12. Either a concurrent condition (including medical illness, such as active infection
requiring treatment with intravenous antibiotics or the presence of laboratory
abnormalities) or history of a prior condition that places the patient at
unacceptable risk if he/she were treated with the study drug or a medical condition
that confounds the ability to interpret data from the study.
13. Concurrent, active malignancies in addition to those being studied (other than
cutaneous squamous cell carcinoma or basal cell carcinoma)
14. Patients with active hemoptysis.
15. Any contraindication to MRI (i.e. patients with pacemakers or other metal implanted
medical devices). An MRI safety questionnaire is required prior to MR imaging.
16. Has a history of (non-infectious) pneumonitis that required steroids or current
pneumonitis.
17. Has a known Human Immunodeficiency Virus (HIV), Hepatitis B (HBV), or Hepatitis C
(HCV) infection.
18. Has received a live vaccine within 30 days prior to the first dose of trial
treatment.
19. Inadequately controlled hypertension (defined as systolic blood pressure >150 mmHg
and/or diastolic blood pressure > 100 mmHg). Anti-hypertensive therapy to achieve
these parameters is allowable.
20. History of myocardial infarction or unstable angina within 3 months prior to Cycle
1, Day 1. 21. History of stroke or transient ischemic attack within 3 months prior to Cycle 1, Day
1. 22. Significant vascular disease (e.g., aortic aneurysm requiring surgical repair or
recent peripheral arterial thrombosis) within 6 months prior to Cycle 1, Day 1. 23. Evidence of bleeding diathesis or clinically significant coagulopathy (in the
absence of therapeutic anticoagulation). Any history of significant bleeding or
thrombosis should be discussed the study PIs.
24. Current or recent (within 10 calendar days prior to Cycle 1, Day 1) use of
dipyramidole, ticlopidine, clopidogrel, or cilostazol. 25. Warfarin is not permitted. Prophylactic or therapeutic use of low molecular-weight
heparin (e.g., enoxaparin) or direct thrombin inhibitors are permitted.

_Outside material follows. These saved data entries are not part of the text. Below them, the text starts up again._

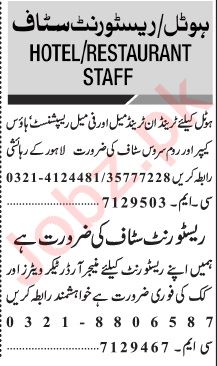 Restaurant jobs advertisement dated about 13 February 2023 in daily Jang Newspaper invites application for the vacant post of waiter, order taker, restaurant staff, manager, house keeper, female receptionist, room service staff, receptionist, restaurant manager and cook in Lahore, lahore Punjab Pakistan. Candidates with Matric, Intermediate, Middle and Bachelor etc. educational background will be preferred.
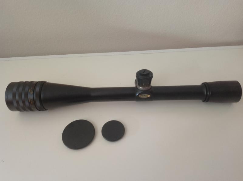 Está en muy buen estado, comprado en armería y sin marcas de las anillas. Trae las tapas roscadas de aluminio, tapas flip up y un nivel para carril dovetail.
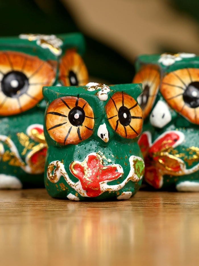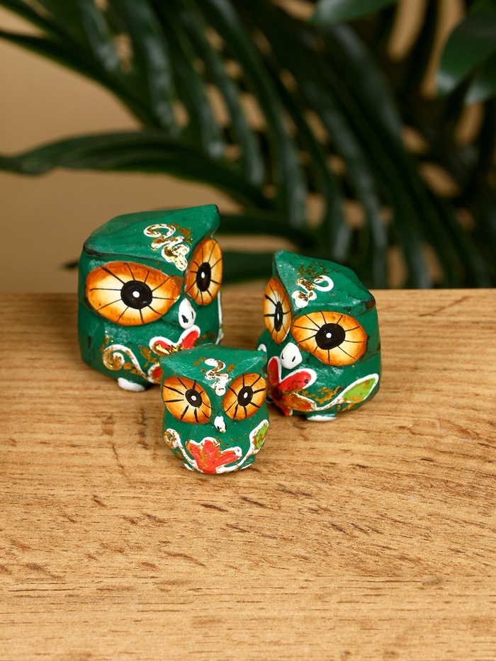 Набор сувенирный "Совята" дерево H 4, 3, 2 см, цв. зелёный — Характеристики
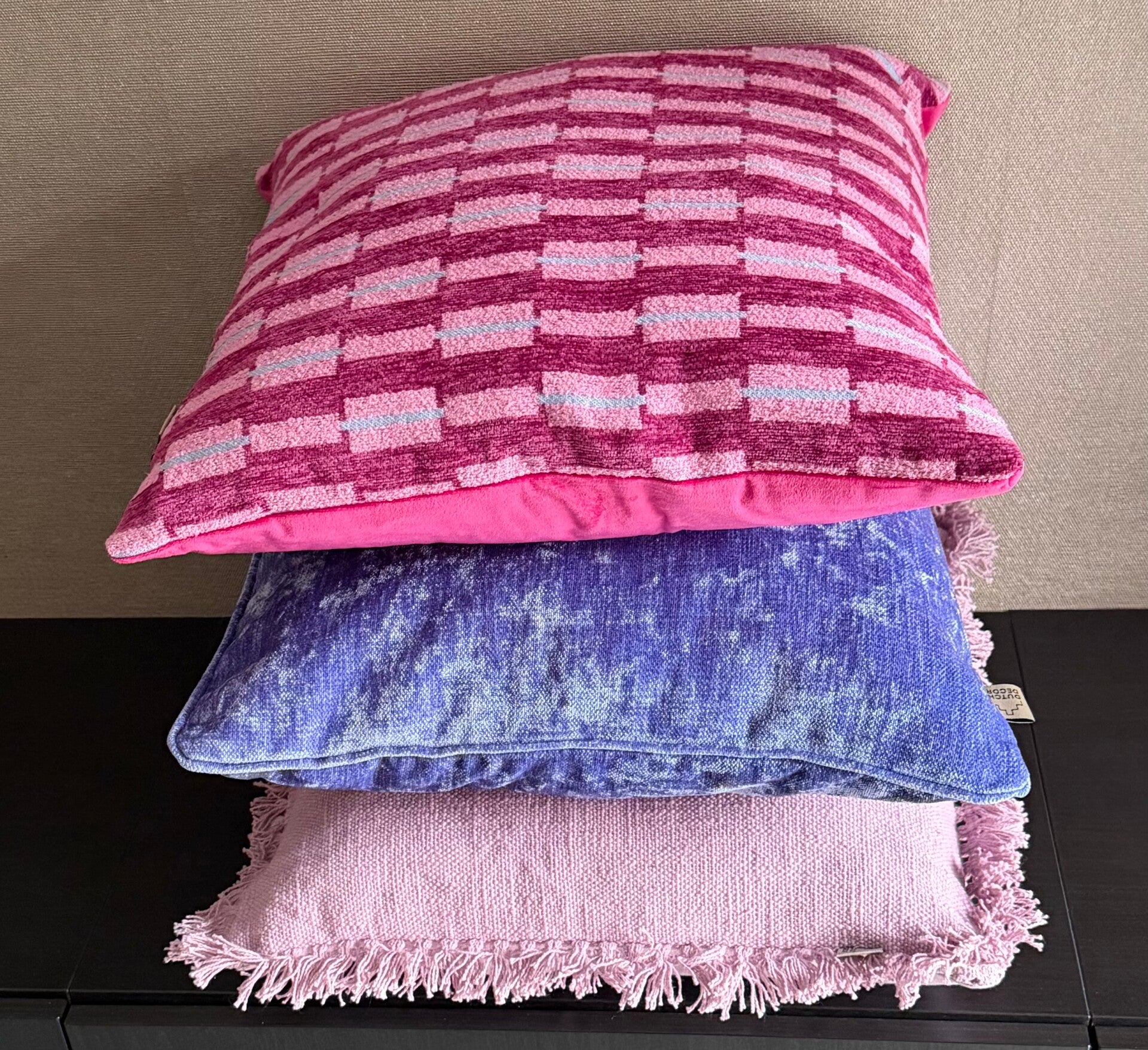 Dutch Decor sierkussen Arabel 45x45 – roze geblokt
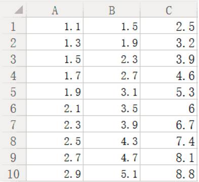 待训练数据A、B为自变量,C为因变量。
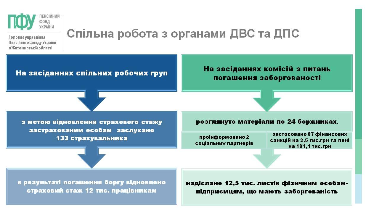 Slajd14 - Огляд основних підсумків роботи Головного управління Пенсійного фонду України в Житомирській області за 2023 рікЗ метою  погашення  заборгованості,  захисту прав застрахованих осіб та відновлення їм страхового стажу на засіданнях спільних робочих груп у складі Головного управління, Головного управління ДПС та органів Державної виконавчої служби заслухано 133 страхувальника. На засіданнях комісій з питань погашення заборгованості розглянуто матеріали по 24 боржниках. В результаті проведеної роботи погашено заборгованість на 3,4 млн грн та відновлено страховий стаж 11,6 тис. застрахованих осіб.
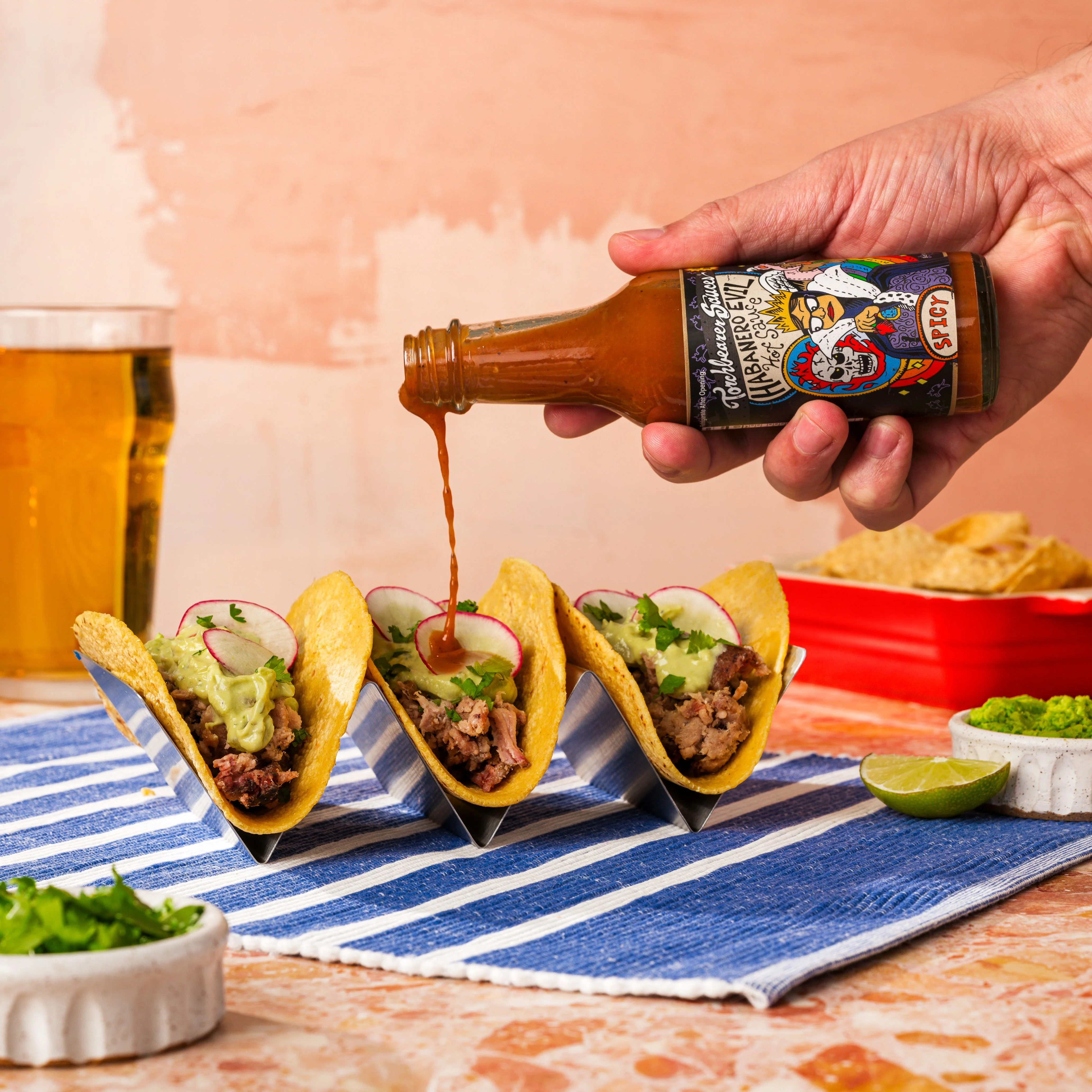 Habanero Evil is an approachable mid-level hot sauce made with habaneros, vinegar, onions, and garlic. It's well balanced in flavor and heat and works well as your "everyday hot sauce" so feel free to shake it all over eggs, sandwiches, tacos, pasta, burgers, salad, etc. The garlic and onion flavors really shine thru and make Habanero Evil great for a marinade for shish kabobs and chicken as well.
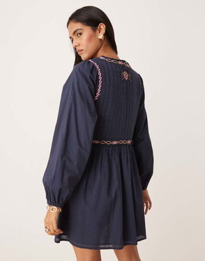 Birdie Mini Dress With Embroidered Collar In Black
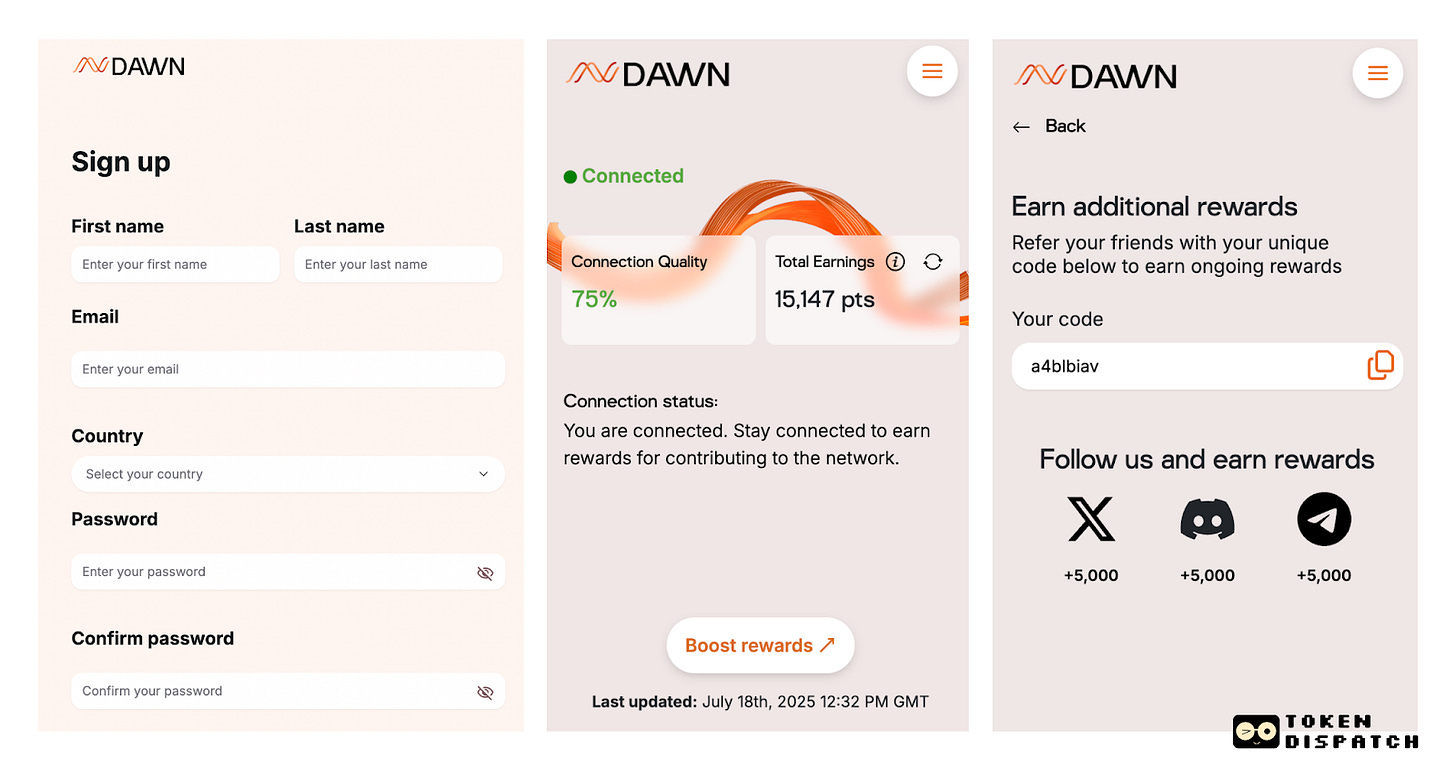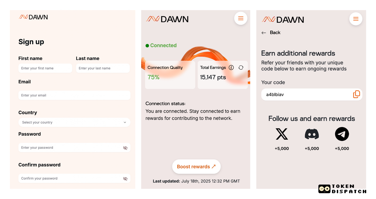 Boost Earnings: Follow DAWN social accounts, refer friends for 20% of their rewards
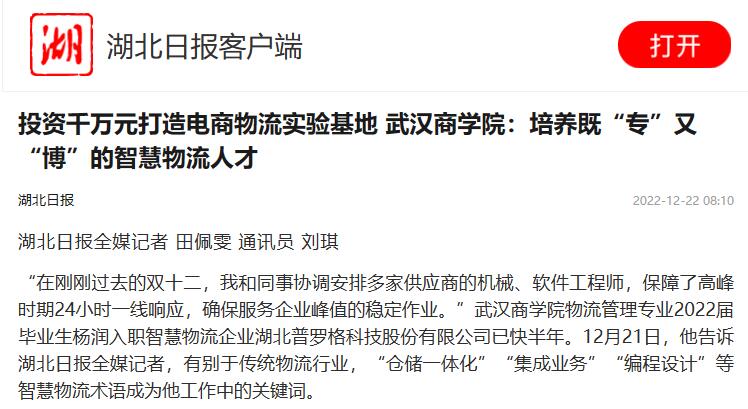 “在刚刚过去的双十二,我和同事协调安排多家供应商的机械、软件工程师,保障了高峰时期24小时一线响应,确保服务企业峰值的稳定作业。”必赢国际437官网物流管理专业2022届毕业生杨润入职智慧物流企业湖北普罗格科技股份有限公司已快半年。12月21日,他告诉湖北日报全媒记者,有别于传统物流行业,“仓储一体化”“集成业务”“编程设计”等智慧物流术语成为他工作中的关键词。
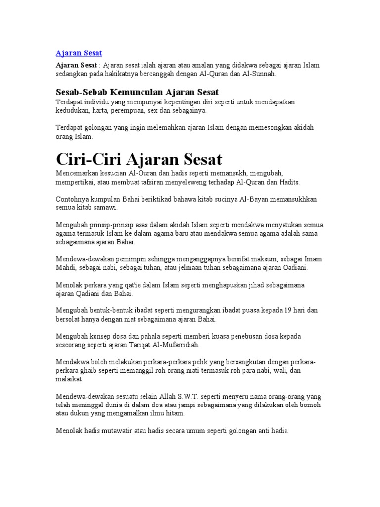 Ciri Ciri Ajaran Sesat from imgv2-1-f.scribdassets.com Soalan, nota, bahan rujukan penting semua subjek. Organisasi ini akan mencuci otak pekerja di desa tersebut dengan menjadi seorang pembunuh. Dasar pendidikan kebangsaan sebelum merdeka dan selepas merdeka. Orang menzahirkan keimanan dan sembunyikan kekufuran. Sejarah tingkatan 3 bab 5 pentadbiran barat di sarawak dan sabah. Nota aqidah tg 5 ajaran sesat pages 1 24 text version anyflip. Inilah kesan atau implikasi ajaran sesat terhadap individu. Apa kata, kita singkap kembali beberapa ajaran sesat yang pernah tular dan hangat dibincangkan masyarakat kita.
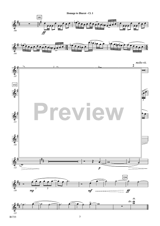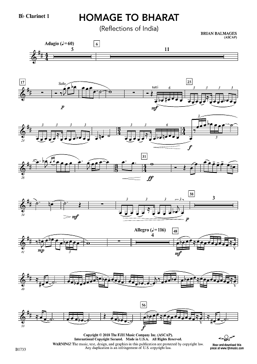 Digital Sheet Music for Homage to Bharat - Bb Clarinet 1 by Brian Balmages scored for Concert Band; id:499689
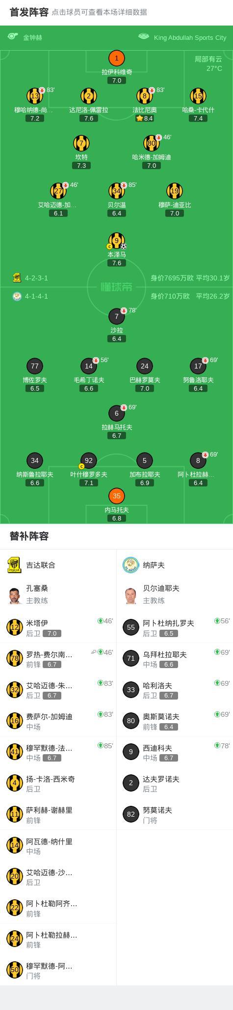 吉達聯合1-0納薩夫,本澤馬一劍封喉
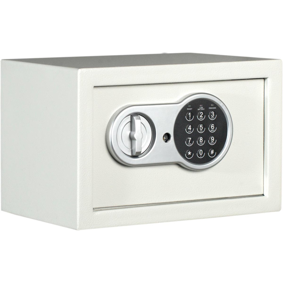 L’utilisateur choisit une combinaison pour la serrure électronique afin de verrouiller l’accès. En cas de besoin, la serrure à clé permet une ouverture d’urgence. Le coffre se fixe simplement à un mur ou au sol à l’aide du matériel fourni, assurant une installation sûre et durable.
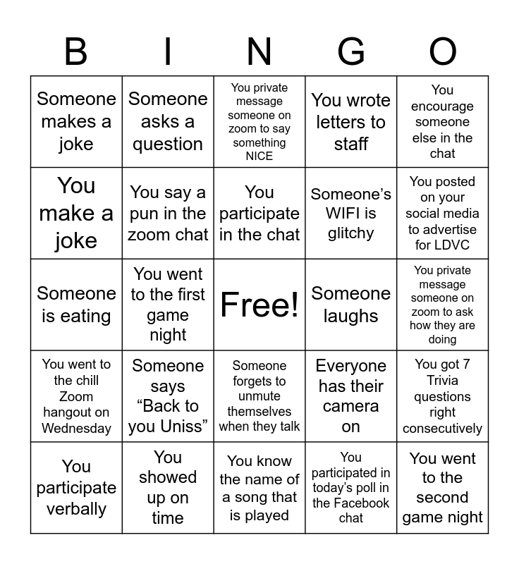 This bingo card has a free space and 24 words: Someone says “Back to you Uniss”, You showed up on time, You participate in the chat, You participate verbally, You encourage someone else in the chat, Someone makes a joke, You make a joke, Someone asks a question, Someone laughs, Someone forgets to unmute themselves when they talk, Someone’s WIFI is glitchy, Someone is eating, Everyone has their camera on, You got 7 Trivia questions right consecutively, You say a pun in the zoom chat, You participated in today’s poll in the Facebook chat, You private message someone on zoom to ask how they are doing, You private message someone on zoom to say something NICE, You posted on your social media to advertise for LDVC, You went to the first game night, You went to the second game night, You went to the chill Zoom hangout on Wednesday, You wrote letters to staff and You know the name of a song that is played.
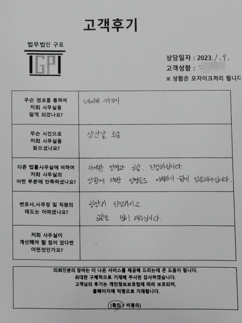 이혼 및 가사 (상간남 소송 상담 ) 의뢰인분의 실제 고객후기
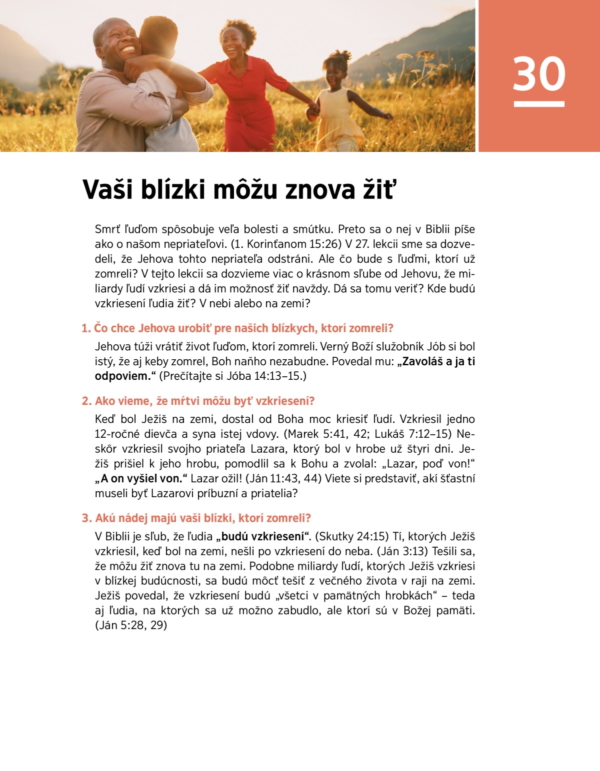 Smrť ľuďom spôsobuje veľa bolesti a smútku. Preto sa o nej v Biblii píše ako o našom nepriateľovi. (1. Korinťanom 15:26) V 27. lekcii sme sa dozvedeli, že Jehova tohto nepriateľa odstráni. Ale čo bude s ľuďmi, ktorí už zomreli? V tejto lekcii sa dozvieme viac o krásnom sľube od Jehovu, že miliardy ľudí vzkriesi a dá im možnosť žiť navždy. Dá sa tomu veriť? Kde budú vzkriesení ľudia žiť? V nebi alebo na zemi?

26. History of abdominal or tracheoesophageal fistula or gastrointestinal perforation
within 6 months prior to Cycle 1, Day 1. 27. Serious, non-healing or dehiscing wound. 28. Proteinuria > 2.0 g of protein in a 24-hour urine collection. All patients with 2
protein on dipstick urinalysis at baseline must undergo a 24-hour urine collection
for protein.
29. Has a history of (non-infectious) pneumonitis that required steroids, current
pneumonitis or evidence of interstitial lung disease.